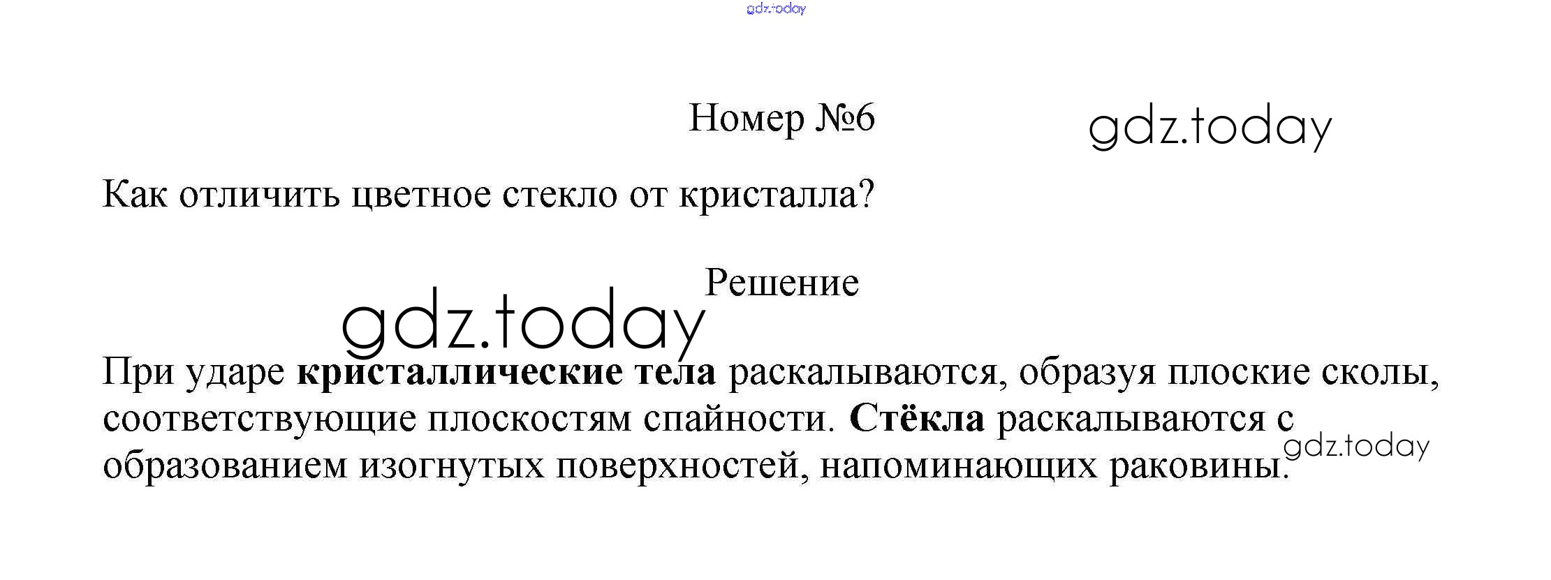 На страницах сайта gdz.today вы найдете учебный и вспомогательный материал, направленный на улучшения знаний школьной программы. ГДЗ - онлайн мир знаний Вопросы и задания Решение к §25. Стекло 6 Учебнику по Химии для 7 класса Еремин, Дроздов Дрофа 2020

---

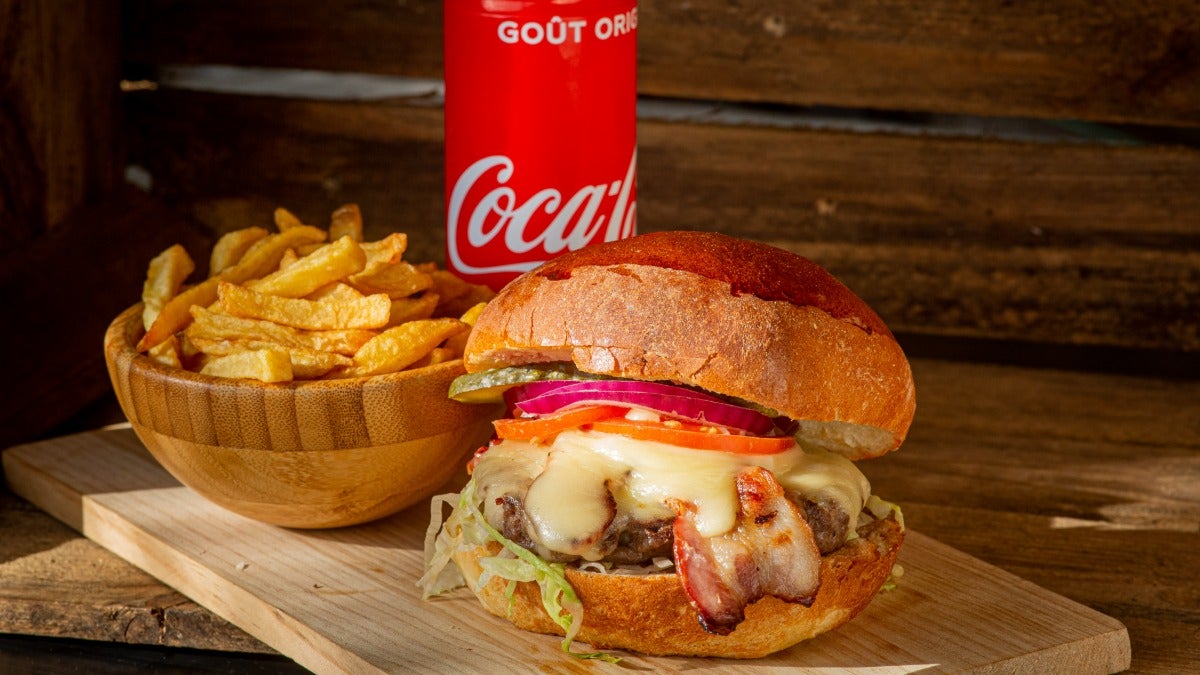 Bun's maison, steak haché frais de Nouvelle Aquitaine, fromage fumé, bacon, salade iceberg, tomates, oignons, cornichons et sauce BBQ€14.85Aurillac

...

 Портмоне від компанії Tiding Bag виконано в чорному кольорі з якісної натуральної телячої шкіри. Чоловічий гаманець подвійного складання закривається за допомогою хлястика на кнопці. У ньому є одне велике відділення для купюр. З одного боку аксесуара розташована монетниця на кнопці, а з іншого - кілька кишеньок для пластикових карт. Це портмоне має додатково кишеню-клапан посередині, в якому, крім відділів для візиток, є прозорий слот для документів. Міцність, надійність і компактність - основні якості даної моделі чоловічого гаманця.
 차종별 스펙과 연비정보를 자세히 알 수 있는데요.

Problem details:
Print exactly the lines of the listing above starting at the line containing "Портмоне від компанії" and ending at the line containing "차종별 스펙과 연비정보를 자세히 알 수 있는데요.", both included.

Output of the exercise:
 Портмоне від компанії Tiding Bag виконано в чорному кольорі з якісної натуральної телячої шкіри. Чоловічий гаманець подвійного складання закривається за допомогою хлястика на кнопці. У ньому є одне велике відділення для купюр. З одного боку аксесуара розташована монетниця на кнопці, а з іншого - кілька кишеньок для пластикових карт. Це портмоне має додатково кишеню-клапан посередині, в якому, крім відділів для візиток, є прозорий слот для документів. Міцність, надійність і компактність - основні якості даної моделі чоловічого гаманця.
 차종별 스펙과 연비정보를 자세히 알 수 있는데요.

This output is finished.